Christmas was yesterday, and the ingestion of Gänsebraten and Sekt is usually high this time of the year. For singers who had to appear in Beethoven’s Fidelio the next day, this must have required tremendous willpower. Anyway, one member of the cast – the Leonore, Ricarda Merbeth, did not even make it. Anja Kampe had to be flown in to take the title role. As almost everyone else, the German soprano was not in a good-voice day, but, as much as Leonore, sie hat Mut and has risked her vocal folds (as many singers before her) for the love of Beethoven. Some would say that Ms. Kampe does not have the high notes for the role, but my impression is that the notes are indeed there – the technique to handle them not really. She has a beautiful, warm voice, a sensitive and musicianly way of building her phrases and is always dramatically on, but one could see that she knew beforehand that some passages would simply not work as written and that the make-do solutions are rather part of her performance than accidents in it. As it was, whenever things got high and loud (and they often do), the options were crooning or shouting. She is an intelligent singing actress and would invariably found a plausible theatrical attitude to justify this, except in her big aria, when things really went astray. Because of her generosity as an artist, she had the audience on her side, but it would be sad to see her eventually pay the price of such hazardous use of her voice.

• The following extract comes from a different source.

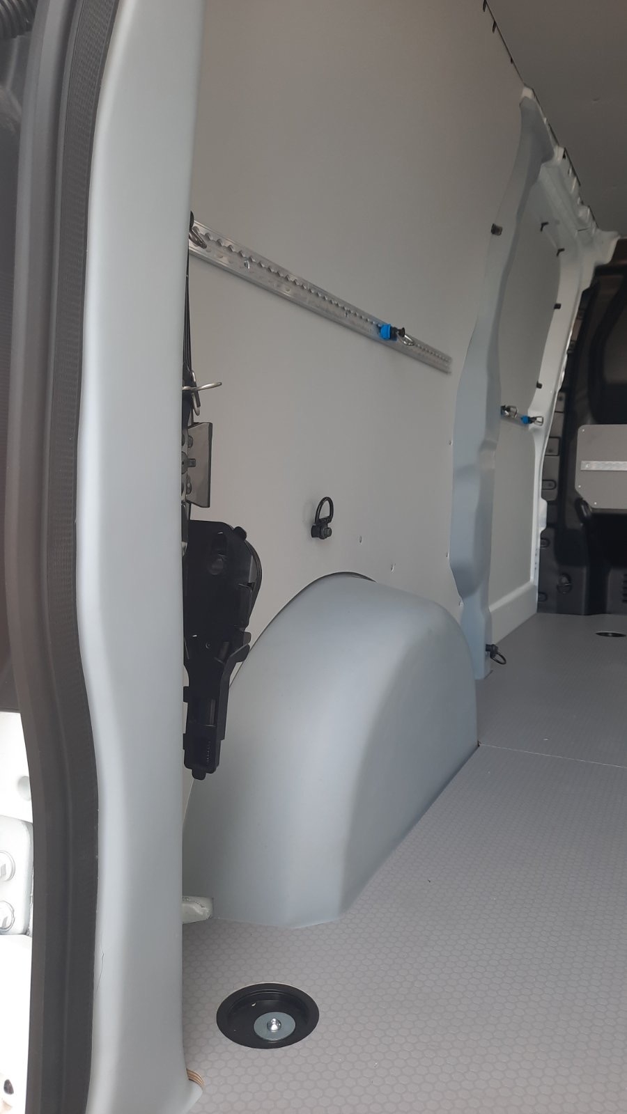 Volkswagen Crafter Teljes műanyag burkolat és rakományrögzítés Padlóburkolat 9mm csúszásmentes lemezből, süllyesztett rögzítéssel. Oldalburkolat 4,5 mm vastag sejtszerkezetes műanyag lemezből készült méretpontos elemekkel, mely alá 5cm szigetelés került. A kerékdob védelmét üvegszálas formatarvezett kerékdob védő látja el. A burkolaton a C oszlopig rögzítő sín fut végig.

Peter Seiffert seemed to have avoided the effects of Christmas supper and was really keen on preferring heroic to lyrical singing, although the latter usually suits his vocal nature better. In any case, this evening, his voice sounded at once large, focused, flexible and dulcet, even in the trickiest passages. Maybe as a tribute to René Kollo (who appears in this same production on video), he tried the messa di voce in his first note, which, as much as with Kollo, did not work very well. But other than this, he offered a truly satisfying performance.
Tomasz Konieczny, on the other hand, must have had a hell of a Christmas, for his entrance made me worry for him. He, basically, looked very ill: his hands shaking, his breathing very loud and labored, his face flushed, he missed one entry, then the text and his voice seemed to be all over the place. Either he is an excellent actor with a wildly misguided concept of the role or he was a hero to sing the part of Pizarro in that condition. Fortunately, he gradually recovered and, in the second act, peeled the paint off the walls with truly stentorian singing in his confrontation with Mr. and Ms. Florestan. I confess I was surprised to see the name of the more-than-veteran Matti Salminen in the important role of Rocco. Although his voice is still admirably firm and characterful, it now is essentially very rough, with some grey-toned patches in his range. He is a bête-de-scène and has no problem in making this work; however, in an evening where almost every soloist required some adjustment, I only hoped during the first act that I would hear a reliable and unproblematic piece of singing.
Ildiko Raimondi’s soprano is a bit juiceless and intonation has its dodgy moments, but she does not spoil the fun at all. Her Jaquino, Sebastian Kohlhepp, proved to be in far better shape, but his singing lacked variety and imagination. Finally, the role of Don Fernando requires a voice completely different from that of Boaz Daniel.
If this performance proved to be something special, we owe this to the impressive playing of the Vienna State Orchestra under the wide-ranging conducting of Franz Welser-Möst. The State Opera’s General Musical Director was at his most Toscanini-an, pressing forward with ruthless rhythmic precision and extracting excitingly accurate playing from his musicians even in extremely fast tempi. For instance, this was the fastest O welche Lust that I have ever heard, more nervous and ominous than touching and hopeful. All concertati challenged soloists and choristers in their fast pace, but not the orchestra, which could not only cope with the technical demands, but also comment the action with wide tonal variety and produce rather than respond to the different shifts of mood in the score and the libretto. The maestro would make an exception for Pizarro’s scene in the dungeon in act II – there he opted to produce excitement rather from accent and accuracy, what made his soloists more comfortable and allowed him enough leeway to build into a powerful Es schlägt der Rache Stunde. Since the Mahlerian tradition of playing the Leonore no.3 before the closing tableau is still very much respected in Vienna, the audience received a Christmas gift in an orchestral tour de force to make you forget that there are other orchestras in the world. Few conductors would risk to take an opera house orchestra to its limits of dynamic possibilities, articulation and balance as successfully as we heard it today – the level of power, precision and transparence achieved by Mr. Welser-Möst and his musicians was something one could tell his or her grandchildren. Truly uplifting.